Leveraging AI and Automation for Successful DevSecOps

As engineering teams try to innovate at a faster pace, being able to maintain the quality, performance and security of the applications become much more important. Organizations have found huge success in improving their overall product quality while ensuring security controls and compliance requirements are met. AI-driven automation solutions have aided engineering teams in automating key processes and leverage predictive analytics, to identify issues before they occur and taking corrective actions, improving the overall product quality. Predictive analytics has helped Operations teams perform real-time application monitoring and identify issues with application security, performance, and infrastructure thus improving overall operational efficiency. Implementing AI-driven DevOps solutions will help organizations accelerate in the present and adapt to changes easily in the future.

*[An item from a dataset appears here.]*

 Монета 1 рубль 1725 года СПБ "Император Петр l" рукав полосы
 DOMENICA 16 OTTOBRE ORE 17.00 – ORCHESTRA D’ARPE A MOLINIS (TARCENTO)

The article will provide ten ways in which organizations of any size can leverage the power of AI and automation for their DevSecOps pipeline and continuously improve their implementation as their business evolves.

1. Automate Your Quality Gates

Quality gates or check gates enable the decision making on whether a build can be promoted to higher environments. To achieve faster and continuous releases, automating the quality gates at each stage of the pipeline helps automate the Go-No Go decision of a build into various environments. Automated quality gates can include unit tests, automated code analysis, end-to-end tests based on the pipeline stage.